In reply Frank Schonfeld, the Union’s secretary-treasurer, contended that the rule did not violate any term of the agreement, and therefore refused to accede to Elkins’ request. Schonfeld similarly rejected a later request by Elkins that the matter be submitted to the Joint Trade Board 6 for resolution and submission to arbitration if necessary. While Elkins threatened court action, no such action was taken, apparently in the belief that the issue would be settled in the forthcoming negotiations on the new trade agreement.

Negotiations relating to a new agreement commenced in June of 1968. On July 31, the date on which the existing agreement expired, the Union called a strike, which was to last until September 9, the date on which the new contract was executed. During negotiations both sides submitted demands with respect to production quotas.7 The Association abandoned its demand early in the negotiations, but consistently refused to accept the Union’s demand. Unable to reach an accord on this issue, the parties signed the new agreement adhering to the positions they held prior to negotiations — the Association believing that the rule violated the terms of the agreement, the Union believing that the rule did not and that it was a proper means of internal union management.

As did the old agreement, the new agreement provided for a seven-hour day, five-day work week, with journeymen to be paid by the hour.

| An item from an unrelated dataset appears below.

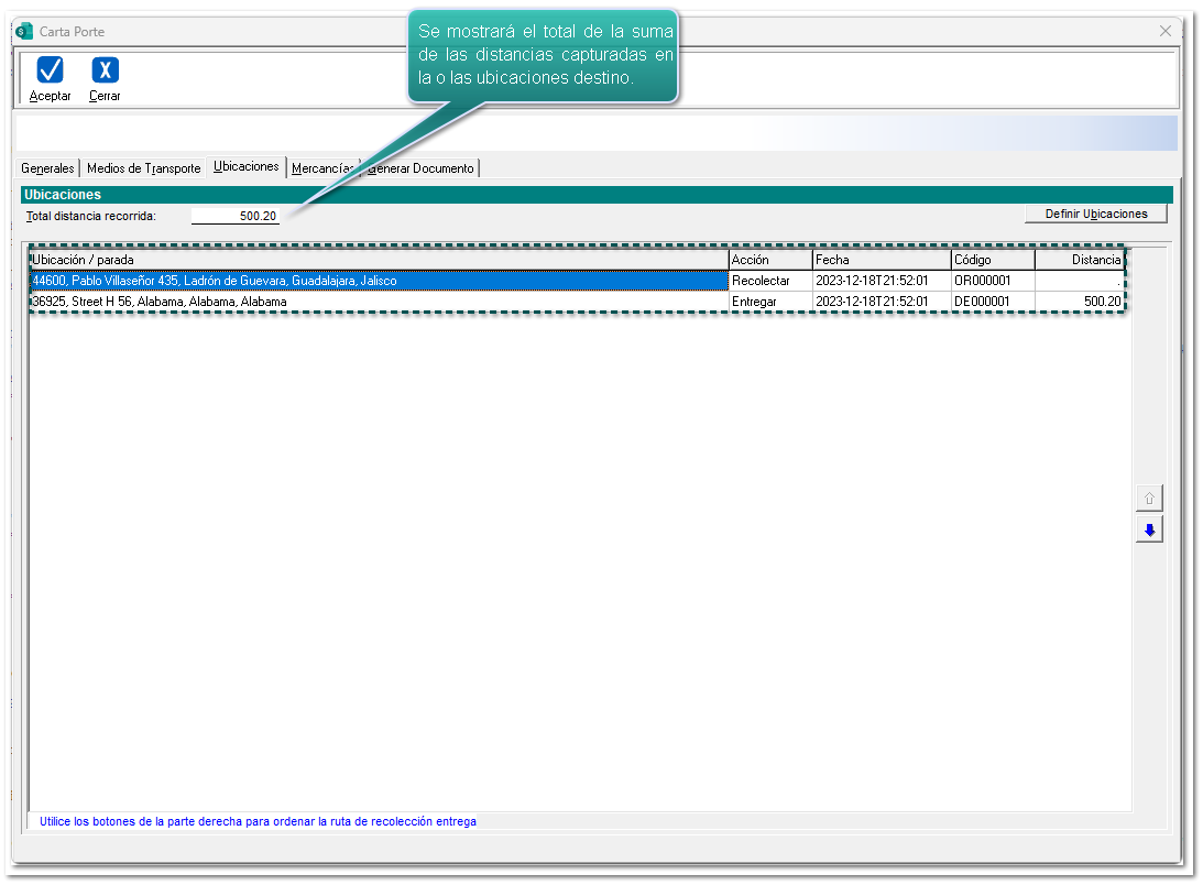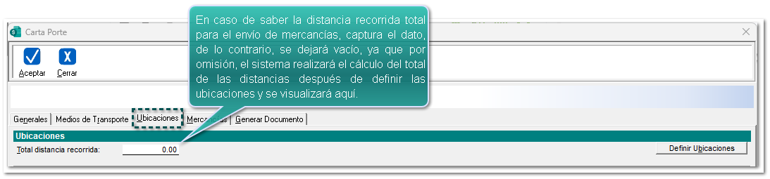 El campo Total distancia recorrida es acumulativa de acuerdo a las ubicaciones registradas, y podrá ser modificable manualmente, sólo se mostrará cuando se seleccione el medio de transporte "Ferroviario" o "Autotransporte", por lo que se registrará en kilómetros de la distancia recorrida entre la ubicación de origen y la de destino parcial o final, por los distintos medios de transporte que trasladan los bienes y/o mercancías.

After the strike ended, the Union intensified its efforts to enforce the 10-room rule. It threatened to fine those members who did not comply with the rule. Some members, at Union urging, stopped work after painting 10 rooms even though they had not yet worked the full 35 hour week. As a result of the Union’s efforts, average production fell below the 11.5 room average.

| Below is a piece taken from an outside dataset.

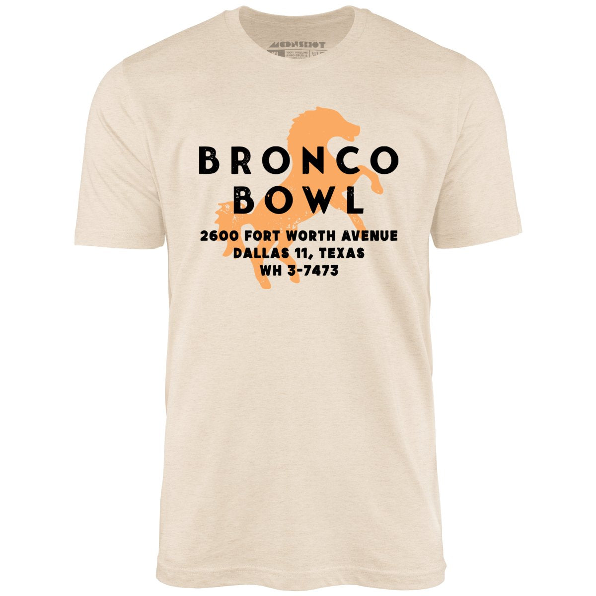 Bronco Bowl - Dallas, TX - Vintage Bowling Alley - Unisex T-Shirt

In response, some employers discharged painters who reduced their output in observance of the rule, or docked employees for time not worked when they left the job after having met the 10-room quota.

Finally, on December 27, 1968, the five Association members and several independents filed section 8(b) (3) charges against the Union with the Board. After extensive hearings, the Trial Examiner recommended dismissal of the complaint as time-barred. The Board, one member dissenting, disregarded this recommendation, holding that the complaint was not time-barred, and that the Union had committed an unfair labor practice.8

II. The Effect of the 10-Room Rule

It is important to the resolution of the legal issues in this case to understand *786the effect of the 10-room rule. First, under the trade agreement between the Association and the Union, journeymen painters are required to work five seven-hour days a week. Second, prior to the announcement of the 10-room rule, journeymen painted on average 11.5 rooms per week. Moreover, the evidence reviewed above gives rise to the inference that but for the Union’s enforcement of the 10-room rule, journeymen painters would continue to paint on average at least more than 10 rooms per week. It is thus apparent that effective enforcement of the 10-room rule would permit those painters who can paint more than 10 rooms per week to work less than 35 hours a week.

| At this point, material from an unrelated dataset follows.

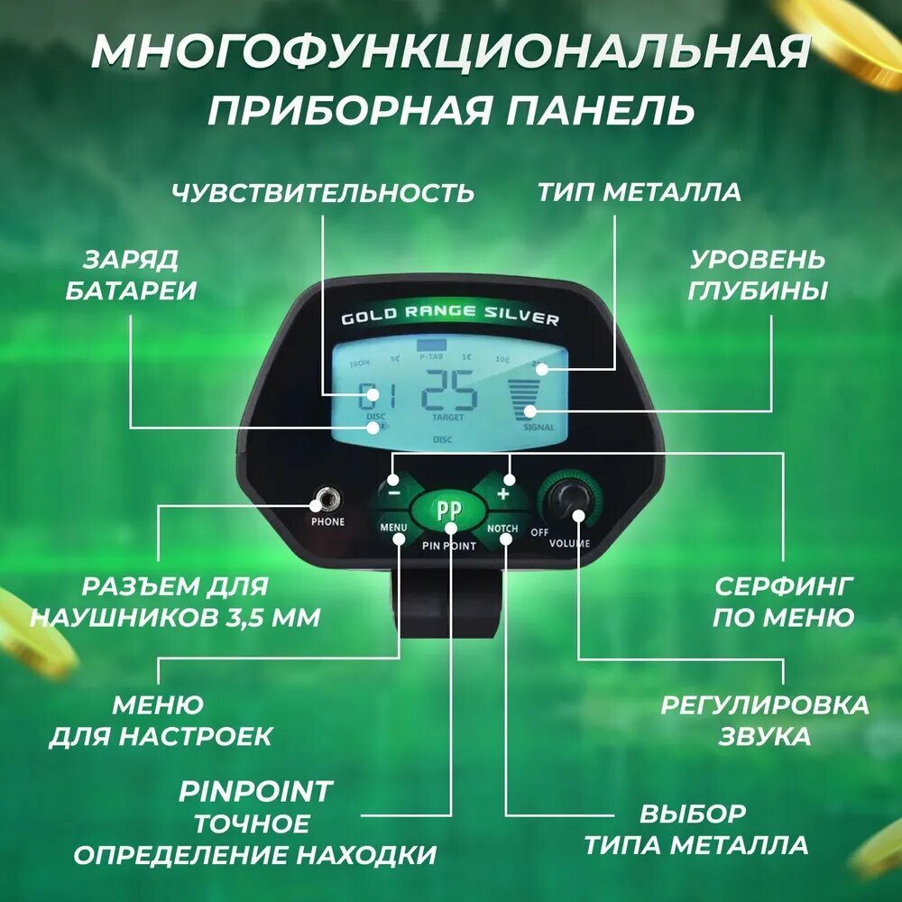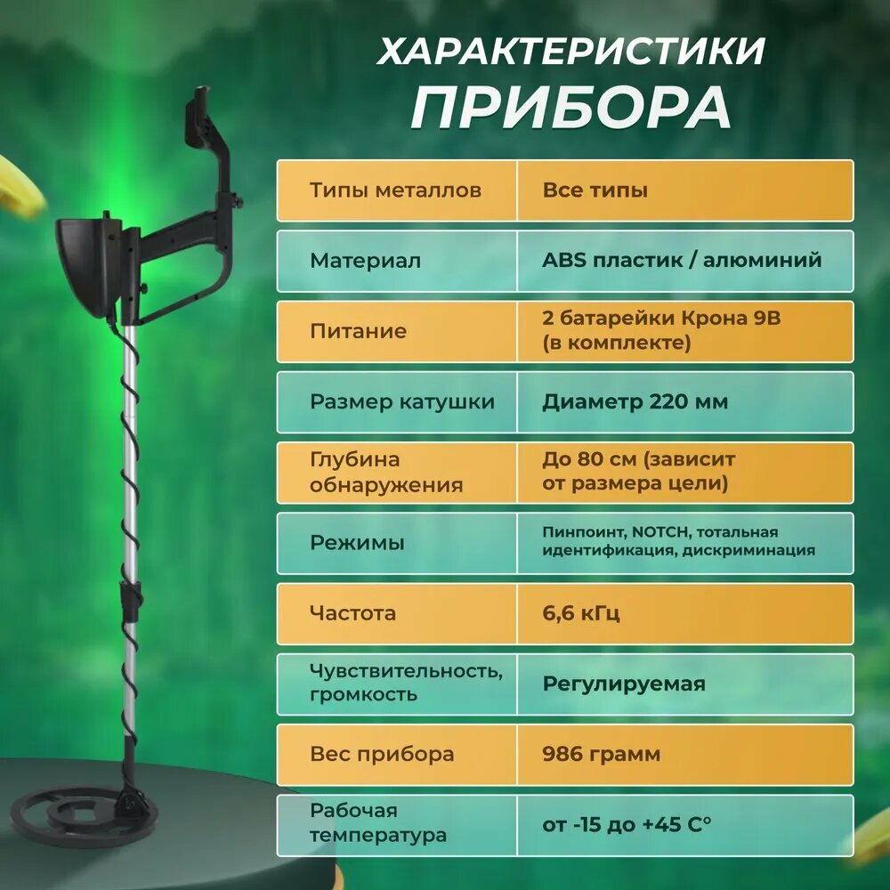 | Минусы: | Водить надо чуть медленнее чем у обычных металлоискателей.. |

III. Whether This Complaint Is Time-Barred

The Union first announced the 10-room rule in March of 1968; the charges giving rise to this complaint were filed in December of 1968, more than six months later. Petitioner thus contends that the complaint is time-barred by section 10(b) of the Act.9 We disagree.

The substance of the unfair labor practice charged against the Union is that it promulgated and sought to enforce a rule that violates the terms of the collective bargaining agreement between the parties. The 10-room rule is “unfair” only by reference to the terms of the collective bargaining agreement with which it allegedly conflicts. Thus, regardless of whether the announcement of the 10-room rule in March of 1968 constituted an unfair labor practice under the old collective bargaining agreement, a distinct violation occurred in September of 1968 if the 10-room rule conflicts with the terms of the new collective bargaining agreement.10 In short, even had the parties “agreed” under the old agreement that journeymen would paint 10 and only 10 rooms per week, if the terms of the new agreement are inconsistent with the 10-room rule, then by enforcing the rule the Union committed an unfair labor practice in September of 1968. If the Union committed a distinct unfair labor practice in September, then the complaint is not time-barred.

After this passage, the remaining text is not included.